Unfortunately, there's no way to inject a NavController into a provider. Attempting to do so will result in the following error:

Error: Uncaught (in promise): Error: StaticInjectorError[NavController]:
  StaticInjectorError[NavController]:
    NullInjectorError: No provider for NavController!

Before Ionic 3.5, using App.getRootNav() was a valid solution for this problem:

import { Injectable } from '@angular/core';
import { App } from 'ionic-angular';

@Injectable()
export class NavigationProvider {

  constructor(private app: App) { }

  pushSecondPage() {
    this.app.getRootNav().push('SecondPage');
  }
}

Since the method is now deprecated, it makes sense to find a different approach. Instead of relying on Ionic's helper methods, we can access the root navigation element directly where it is declared - in app.component.ts:

import { Component, ViewChild } from '@angular/core';
import { Nav } from 'ionic-angular';

@Component({
  templateUrl: 'app.html'
})
export class MyApp {

  @ViewChild(Nav) rootNav: Nav;

  // remaining code
}

Now, it's just the matter of making the navigation element available to our navigation provider.
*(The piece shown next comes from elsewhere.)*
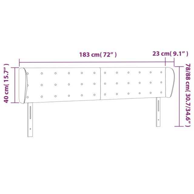 Vzglavna omarica - Nočna omarica - Posteljna omarica z ušesi temno sivo 183x23x78/88 cm žamet
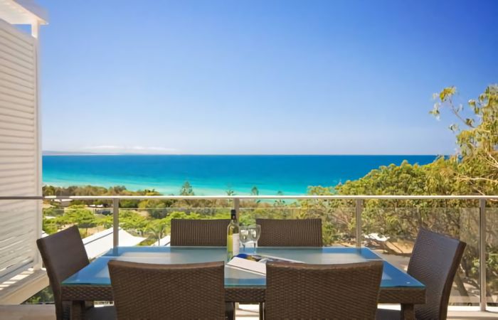 This stunning apartment has the most spectacular views of the pristine Rainbow Beach coastline from both levels. The large, open plan living area flows out onto the balcony through huge glass bi fold doors - perfect for relaxing on at any time of the day.

We could inject it during the application initialization phase:

import { Component, OnInit, ViewChild } from '@angular/core';
import { Nav } from 'ionic-angular';
import { NavigationProvider } from '../providers/navigation/navigation';

@Component({
  templateUrl: 'app.html'
})
export class MyApp implements OnInit {

  @ViewChild(Nav) rootNav: Nav;

  constructor(/*...*/ private navigation: NavigationProvider) {
    // existing constructor code
  }

  ngOnInit(): void {
    this.navigation.initRootNav(this.rootNav);
  }

  // remaining code
}

The navigation provider code would need to be only slightly modified:

import { Injectable } from '@angular/core';
import { NavController } from 'ionic-angular';

@Injectable()
export class NavigationProvider {

  private rootNav: NavController;

  initRootNav(rootNav: NavController) {
    this.rootNav = rootNav;
  }

  pushSecond() {
    this.rootNav.push('SecondPage');
  }
}

If you don't like the idea of having to initialize the provider before it's ready to use (although the above code should work reliably unless you forget to call initRootNav()), you could use Ionic's event system to pass navigation requests from the provider to app.component.ts:

import { Injectable } from '@angular/core';
import { Events } from 'ionic-angular/util/events';

@Injectable()
export class NavigationProvider {

  constructor(private events: Events) { }

  pushSecond() {
    this.events.publish('navigate', 'SecondPage');
  }
}

In app.component.ts you would then subscribe to these events and navigate accordingly:

import { Events } from 'ionic-angular/util/events';
import { Component, ViewChild } from '@angular/core';
import { Nav } from 'ionic-angular';

@Component({
  templateUrl: 'app.html'
})
export class MyApp {

  @ViewChild(Nav) rootNav: Nav;

  constructor(/*...*/ private events: Events) {
    // other constructor code

    this.events.subscribe('navigate', page => this.navigate(page));
  }

  private navigate(page: string) {
    this.rootNav.push(page);
  }

  // remaining code
}

This code can be further extended to support navigation parameters, but can become quite complex if you want to support other NavController's methods than push. That's why I prefer the first approach.